Кошкин стол.

Два сердца.

После того как мистера Хейсти разжаловали из главных собачников, ночные карточные баталии стали случаться реже. Во-первых, из-за возвышения мистера Инвернио отношения между двумя друзьями стали несколько натянутыми. А у мистера Хейсти, которому теперь приходилось обдирать краску на солнцепеке, энергии было уже не столько, как в те времена, когда он приглядывал за собаками да читал романы. Раньше они неизменно завтракали вдвоем в собачьем загоне — завтрак сводился к виски и какой-нибудь кашке из предварительно вымытой собачьей миски.
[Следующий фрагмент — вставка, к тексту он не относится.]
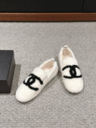 CC LOAFERS IN WHITE FLEECE WITH BLACK LOGO
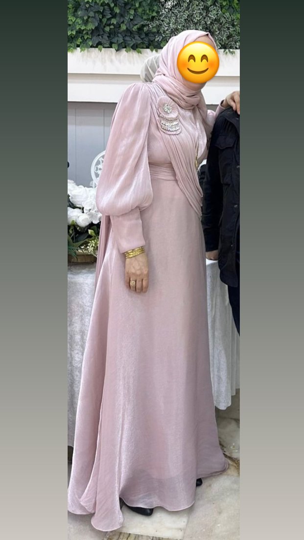 Pudra pembesi uzun tesettür abiye elbise
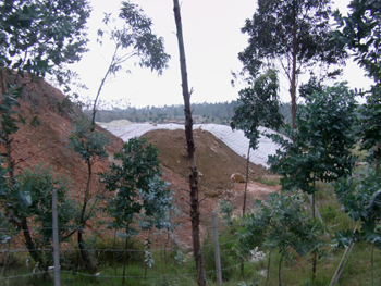 9月27日下午,記者在這個已簡單防護的鉻渣堆不遠處看到很多大小不一的土堆,全都寸草不生,光禿禿一片。常小喬等村民告訴記者,外人會誤以為這些都是天然形成的土堆,其實是廠里這些年不斷堆砌的鉻渣堆,只不過表層覆蓋了幾十公分厚的黃土而已,廠里曾試圖在上面種桉樹但均未能成活。記者發現這些“鉻渣堆”表層的土有的是新堆的,村民反映,出事以后,廠方雇人從別處運土來將一些鉻渣掩埋起來。
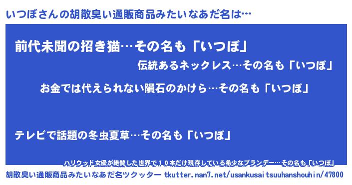 | ヘコむあだ名 | 『いつぼ(遠い目)』『いつっ子』 |
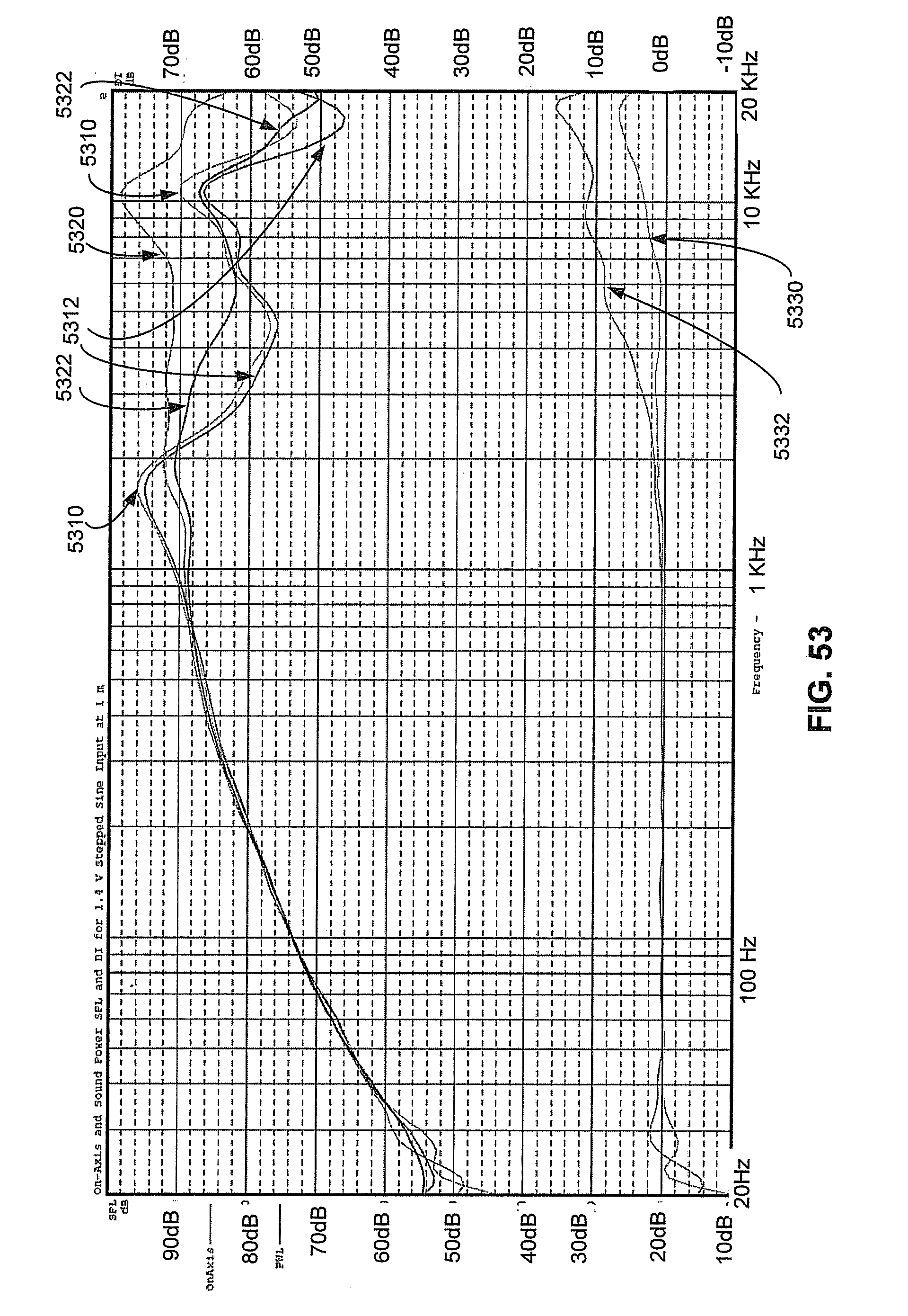 FIG. 53 depicts data representative of a sound pressure level (SPL), a power watt level (PWL), and a directivity index (DI) for a speaker without an acoustic lens). In FIG. 53, sound pressure level (SPL) 5310, power watt level (PWL) 5312, and the directivity index (DI) 5330 correspond to the performance of an assembly having a speaker and an acoustic lens. In contrast, sound pressure level (SPL) 5320, power watt level (PWL) 5322, and the directivity index (DI) 5332 correspond to the performance of the same speaker without an acoustic lens.
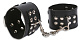 Широкие манжеты выполнены из высококачественного кожзаменителя. Края аксессуара обработаны контрастными швами. На манжетах есть по паре ремешков с пряжками, с помощью которых можно регулировать их размер. Манжеты соединены цепочкой, поэтому могут использоваться в качестве фиксаторов для рук и ног. Ширина - 5,5 см.

Теперь же они едва виделись. И все-таки полночный бридж не окончательно сошел на нет, и порой я наблюдал за ними, пока не усну, — будил меня мистер Бэбсток, который, проиграв кон, имел обыкновение орать. Они с Толроем, отработав весь день в радиорубке, приходили на игру совершенно вымотанными. Один лишь Инвернио, с его непыльной работой, был оживлен и хлопал в ладоши даже при самом мелком выигрыше. От него пахло далматинами и терьерами, чем он неизменно раздражал мистера Хейсти.

На кормовом подзоре висел желтый фонарь. В самые жаркие ночи мой сосед выволакивал туда свою койку, привязывал к лееру и ложился спать под звездами. Я понял: видимо, именно там он и спал в первые ночи после выхода из Коломбо. Как-то раз мы наткнулись на него во время ночной вылазки, и он объяснил, что пристрастился к этому в молодости, проходя Магеллановым проливом, где судно обступали айсберги всевозможных цветов. Хейсти служил «бессрочником» в торговом флоте, ходил на Американский континент, на Филиппины, на Дальний Восток — и, по его словам, его сформировали именно встреченные там мужчины и женщины. «Помню девушек, шелк… А работу совсем не помню. Я лез в самые суровые приключения. А книги тогда были просто словами». Ночной воздух развязывал мистеру Хейсти язык. И то, что он рассказывал нам во время этих встреч под желтым фонарем, наполняло наши сердца восторженным страхом. Он служил в «Долларовой судоходной», ходил по Панамскому каналу: шлюзы Педро Мигеля и Мирофлорес, Разрез Гайллард — какая романтика! Он описывал рукотворные русла, портовые города на обоих оконечностях канала, а потом Бальбоа, где, соблазнившись местной красоткой, он напился, опоздал к отплытию и вступил в брак с этой дамой. А через пять дней сбежал, поступив на первое попавшееся судно, итальянское.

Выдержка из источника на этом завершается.